*** Block opens ***
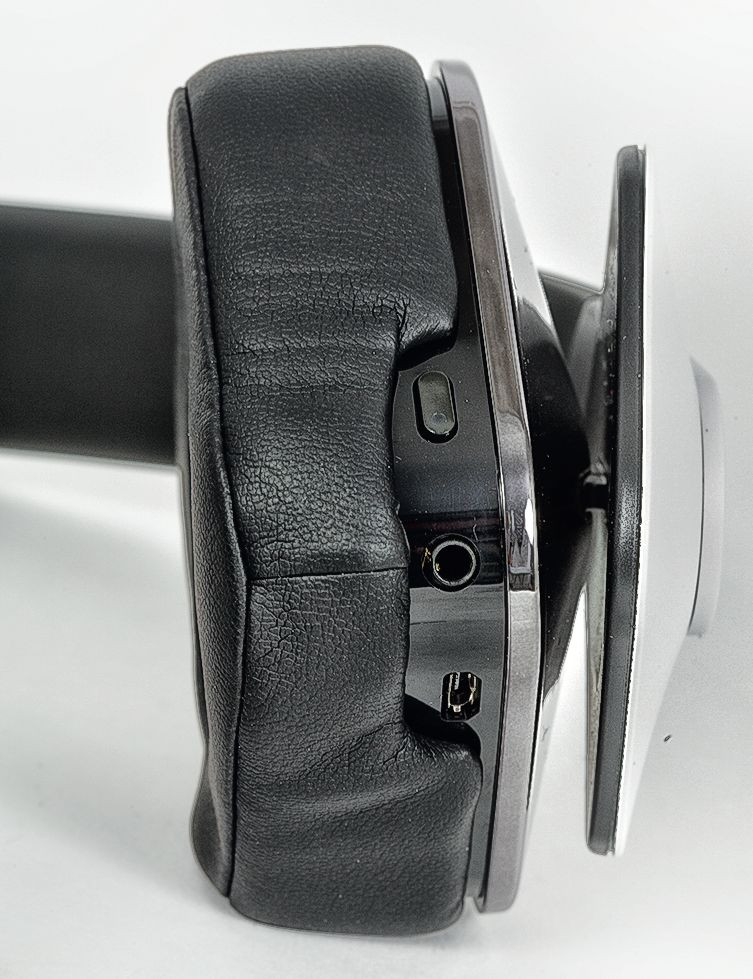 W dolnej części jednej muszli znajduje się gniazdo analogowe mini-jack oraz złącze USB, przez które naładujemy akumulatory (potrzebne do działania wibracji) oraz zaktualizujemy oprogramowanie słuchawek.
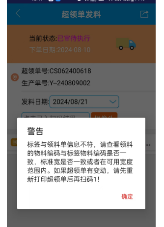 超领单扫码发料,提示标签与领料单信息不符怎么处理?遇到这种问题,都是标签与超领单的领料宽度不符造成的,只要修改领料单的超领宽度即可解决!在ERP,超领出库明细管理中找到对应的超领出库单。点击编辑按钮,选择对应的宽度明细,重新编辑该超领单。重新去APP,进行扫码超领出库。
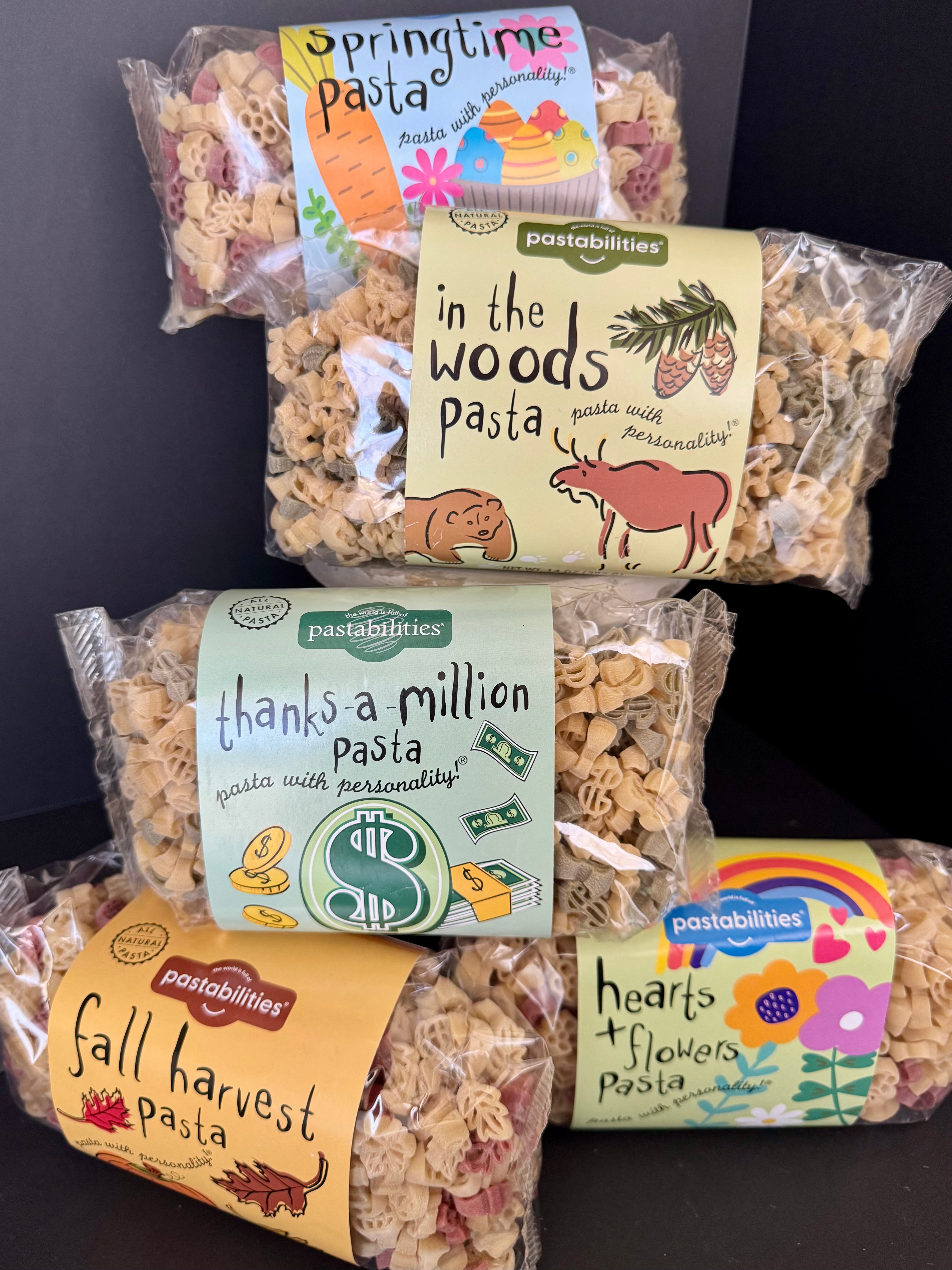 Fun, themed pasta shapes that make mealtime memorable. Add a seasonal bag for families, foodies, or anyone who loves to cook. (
*** Block closes ***
Print out the whole of the material word for word, without pictures.

 W dolnej części jednej muszli znajduje się gniazdo analogowe mini-jack oraz złącze USB, przez które naładujemy akumulatory (potrzebne do działania wibracji) oraz zaktualizujemy oprogramowanie słuchawek.
 超领单扫码发料,提示标签与领料单信息不符怎么处理?遇到这种问题,都是标签与超领单的领料宽度不符造成的,只要修改领料单的超领宽度即可解决!在ERP,超领出库明细管理中找到对应的超领出库单。点击编辑按钮,选择对应的宽度明细,重新编辑该超领单。重新去APP,进行扫码超领出库。
 Fun, themed pasta shapes that make mealtime memorable. Add a seasonal bag for families, foodies, or anyone who loves to cook. (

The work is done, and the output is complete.